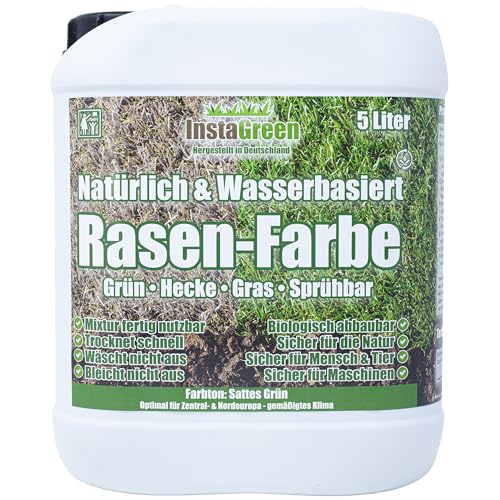 InstaGreen Premium bak- och gräsfärg 5 liter – redo att användas gräsfärg för gräsmattor och häckar – gräsmatta lack mot gul gräsmatta – naturligt vattenbaserad spraybar biologiskt nedbrytbar
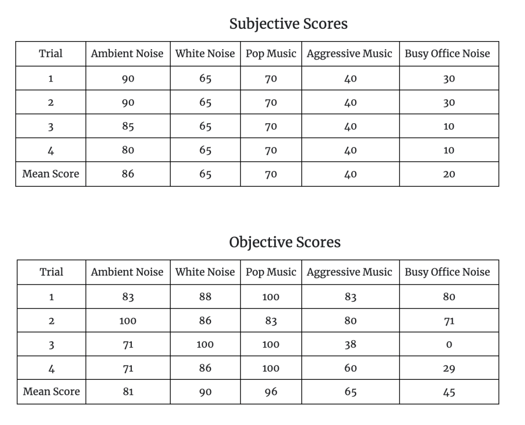 This refutes the hypothesis that a subject would perform best in an environment of white noise. The subject performed best in the subjective score category in the ambient noise environment. This was followed by pop music, white noise, aggressive music, and finally, busy office noise. The subjective score category measured the subject’s perceived ability to concentrate in each environment. The scores in the white noise environment were not as high as anticipated and did not appear to aid the subject’s perceived ability to concentrate. It was also very clear that the aggressive music and busy office noise environments had the worst scores, which were significantly less than the other three categories (ambient noise, white noise, and pop music).
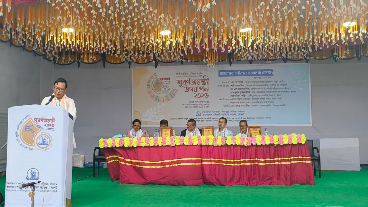 মণিপুরী সংস্কৃতি, কবিতা পাঠ ও আলোচনা সভাসহ বর্ণাঢ্য আয়োজনে উদযাপিত হয়েছে বাংলাদেশ মণিপুরি সাহিত্য সংসদের ৫০তম সুবর্ণজয়ন্তী। শুক্রবার (১৪ নভেম্বর) বিকেলে বাংলাদেশ মণিপুরী সাহিত্য সংসদের আয়োজনে উপজেলার আদমপুর ইউনিয়নের তেতইগাঁও মণিপুরী কালচারাল কমপ্লেক্সে অনুষ্ঠিত হয়। সুবর্ণজয়ন্তী উদযাপনের প্রথম পর্বে আলোচনা সভা অনুষ্ঠিত হয়।
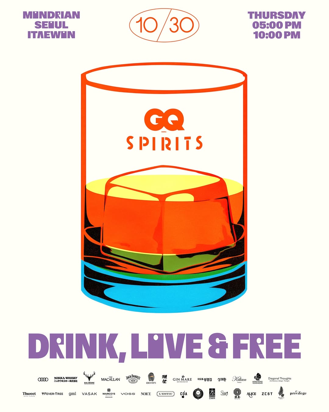 10월 30일 단 하루, GQ KOREA가 주최하는 제1회 ’지큐 스피릿‘이 몬드리안 서울 이태원에서 펼쳐집니다. 바 신을 사랑하고 스피릿을 깊이 탐구하고자 하는 애호가들을 위한 행사로 위스키, 진, 니혼슈, 데킬라 등 15종의 F&B 브랜드와 아시아 최정상 바 9곳이 함께합니다. 초청된 분들만 입장할 수 있으며, 일부 한정 수량은 얼리 버드 기간에 캐치테이블을 통해 구입 가능합니다.

[Assignment]
Write out the data precisely as given, excluding the pictures.

[Output of the task]
 InstaGreen Premium bak- och gräsfärg 5 liter – redo att användas gräsfärg för gräsmattor och häckar – gräsmatta lack mot gul gräsmatta – naturligt vattenbaserad spraybar biologiskt nedbrytbar
 This refutes the hypothesis that a subject would perform best in an environment of white noise. The subject performed best in the subjective score category in the ambient noise environment. This was followed by pop music, white noise, aggressive music, and finally, busy office noise. The subjective score category measured the subject’s perceived ability to concentrate in each environment. The scores in the white noise environment were not as high as anticipated and did not appear to aid the subject’s perceived ability to concentrate. It was also very clear that the aggressive music and busy office noise environments had the worst scores, which were significantly less than the other three categories (ambient noise, white noise, and pop music).
 মণিপুরী সংস্কৃতি, কবিতা পাঠ ও আলোচনা সভাসহ বর্ণাঢ্য আয়োজনে উদযাপিত হয়েছে বাংলাদেশ মণিপুরি সাহিত্য সংসদের ৫০তম সুবর্ণজয়ন্তী। শুক্রবার (১৪ নভেম্বর) বিকেলে বাংলাদেশ মণিপুরী সাহিত্য সংসদের আয়োজনে উপজেলার আদমপুর ইউনিয়নের তেতইগাঁও মণিপুরী কালচারাল কমপ্লেক্সে অনুষ্ঠিত হয়। সুবর্ণজয়ন্তী উদযাপনের প্রথম পর্বে আলোচনা সভা অনুষ্ঠিত হয়।
 10월 30일 단 하루, GQ KOREA가 주최하는 제1회 ’지큐 스피릿‘이 몬드리안 서울 이태원에서 펼쳐집니다. 바 신을 사랑하고 스피릿을 깊이 탐구하고자 하는 애호가들을 위한 행사로 위스키, 진, 니혼슈, 데킬라 등 15종의 F&B 브랜드와 아시아 최정상 바 9곳이 함께합니다. 초청된 분들만 입장할 수 있으며, 일부 한정 수량은 얼리 버드 기간에 캐치테이블을 통해 구입 가능합니다.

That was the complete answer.